Customer Satisfaction (CSAT) Score

This metric measures the level of satisfaction that customers have with their interactions with the contact center. A high CSAT score is a good indicator of a positive customer experience.

Abandonment Rate

This metric measures the percentage of customers who hang up before their call is answered. A high abandonment rate is a sign that the contact center is not able to handle customer volume effectively.

Average Handle Time (AHT)

This metric measures the average amount of time that it takes for an agent to handle a customer interaction. A low AHT is a good indicator of efficient and effective customer service.

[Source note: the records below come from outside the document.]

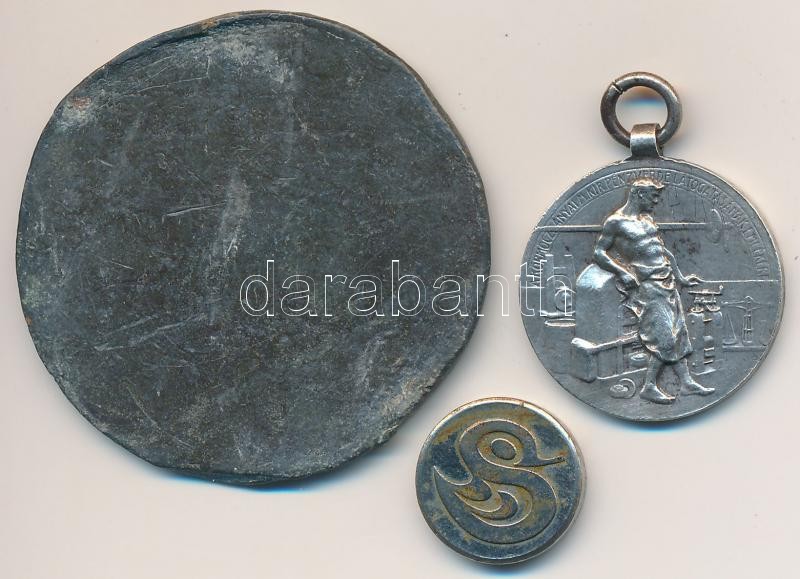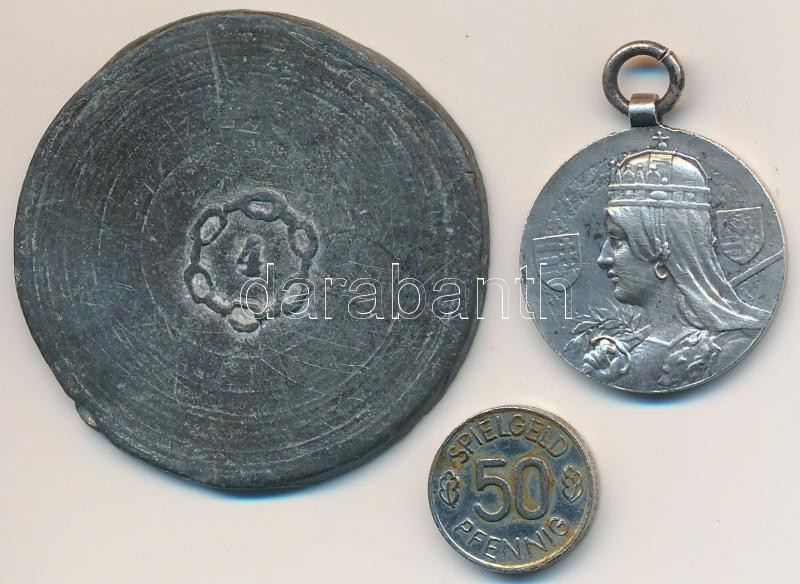 ~1920-1930. "A Körmöcbányai Magyar Királyi Pénzverde látogatásának emlékére" jelzetlen Ag medál (5.84g/22mm) + ón zseton és német 50 Pfennig fém játékpénz T:2-3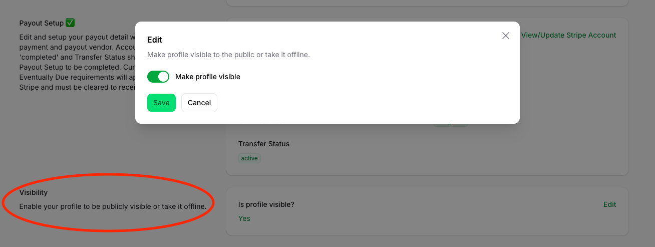 Once you're happy with your profile, you can make it public so it's visible. Originally, your profile is hidden. All you have to do is flip the switch on in the Visibility section. Note: you can make your profile visible anytime even if your profile is not complete, however, students will not be able to purchase a critique request until all the sections are complete.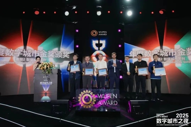 该奖项由鄂州市数据局联合湖北省数产集团等单位共同申报,凭借先进的建设理念、创新的技术构架及显著的实施成效,从全国358个参赛案例中脱颖而出,并在第八届数字中国建设峰会期间举办的“2025数字城市之夜暨数字中国创新大赛·数字城市赛道颁奖典礼”上隆重颁奖。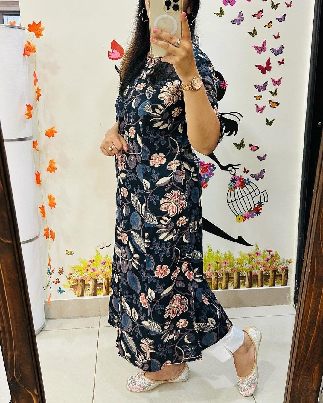 Discharge print fine cotton A-line kurti with ankle-length pant set for women – M to XXL sizes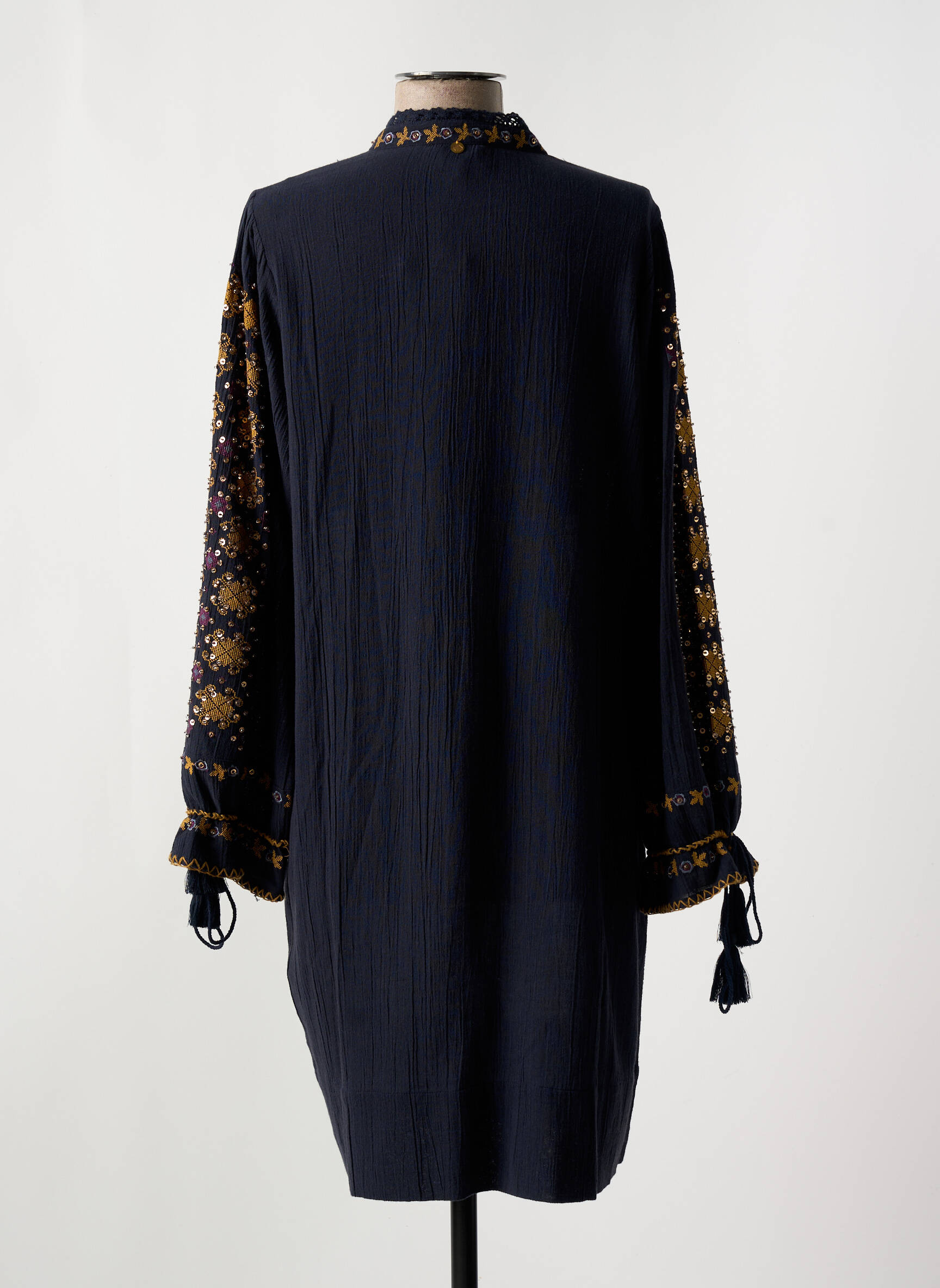 Imaginez un voyage au cœur des traditions revisitées avec subtilité : cette robe mi-longue ANTIK BATIK enveloppe la silhouette d’un noir profond rehaussé d’un délicat patchwork de motifs floraux aux teintes dorées et prune qui habillent le haut du vêtement ainsi que les manches longues, ponctuées de boutons et d'un col montant qui apporte une touche d’élégance intemporelle.

First Contact Resolution (FCR) Rate

This metric measures the percentage of customer issues that are resolved during the first interaction. A high FCR rate is a good indicator of efficient and effective customer service.

Net Promoter Score (NPS)

This metric measures the likelihood that customers will recommend the company to others. A high NPS is a good indicator of customer loyalty and positive customer experience.

Contact Volume

This metric measures the total number of interactions (calls, chats, emails, etc.) that the contact center handles.

Agent Utilization

This metric measures the percentage of time that agents spend handling customer interactions, as opposed to other activities like training or administrative tasks.

Occupancy Rate

This metric measures the percentage of time that agents spend on the phone. A high occupancy rate is a good indicator of efficient and effective customer service.

Agent Turnover

This metric measures the rate at which agents leave the contact center. A high agent turnover rate can be costly and disruptive, and can negatively impact customer service.